Google is definitely an advertising company, but they do it well.

------
mkmcdonald
As a developer, I'll outline why I _rationally_ have great contempt for
advertising.

Television, print and radio advertisements have irrevocably caused me to gag
at most advertisements. I can see right though the lies and half-truths that
marketers spin to fool people into buying their mediocre products. Take any
McDonald's ad campaign over the past few years. Note that (at least in Canada)
that no overweight person is ever featured. Somehow, perfectly healthy people
are devouring Big Macs and we're expected to believe it.

Advertisements now often rely heavily on sexual overtones. Web advertisements
are quite guilty as well. As an adult male with a functioning brain, I find
ads that rely on sexuality disgusting. I wasn't compelled to purchase alcohol
before the commercial came on, and now I'm thoroughly repulsed. Decrement
another point of respect for marketers.

I'm also disturbed by ad companies tracking me whenever possible. I read a
forum thread on a public computer which described a custom suit company. For
the next week, I was inundated with ads for that company on the same computer.
I do not seek "personalization" as I never intentionally click on ads. If I
want something, I'll go out and look for it. On my own computer, I block as
many ad servers as I can through my hosts file.

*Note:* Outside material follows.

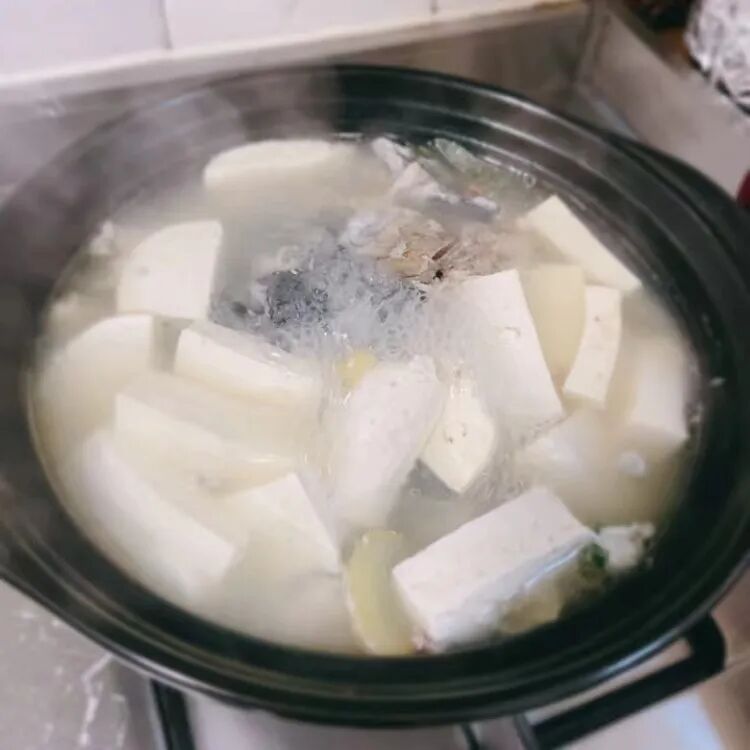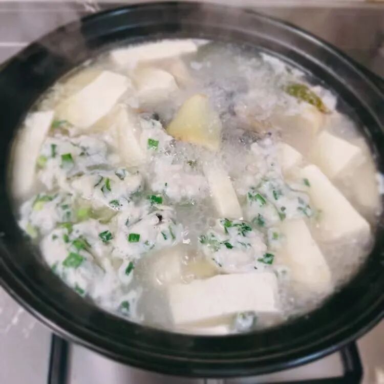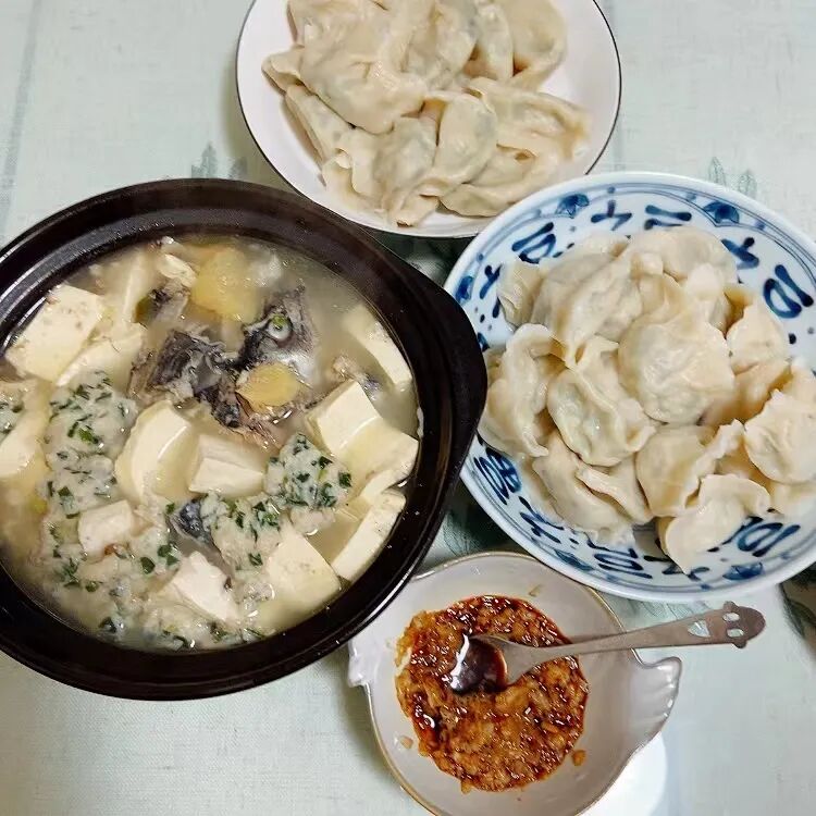 同时,把处理的鱼头鱼尾和鱼骨煮了豆腐汤。包水饺剩下的一点馅料也当丸子下到了汤里。

Yes, the world really does revolve around money. However, advertising is not
the sole plausible revenue model for a web site. Wikipedia is a fine example
of a web site that doesn't need third-party advertising to exist. I have a
tremendous amount of respect for the Wikimedia Foundation because it's funded
so openly. GitHub seems to be chugging along without bombarding its users with
advertisements because it has a premium content model.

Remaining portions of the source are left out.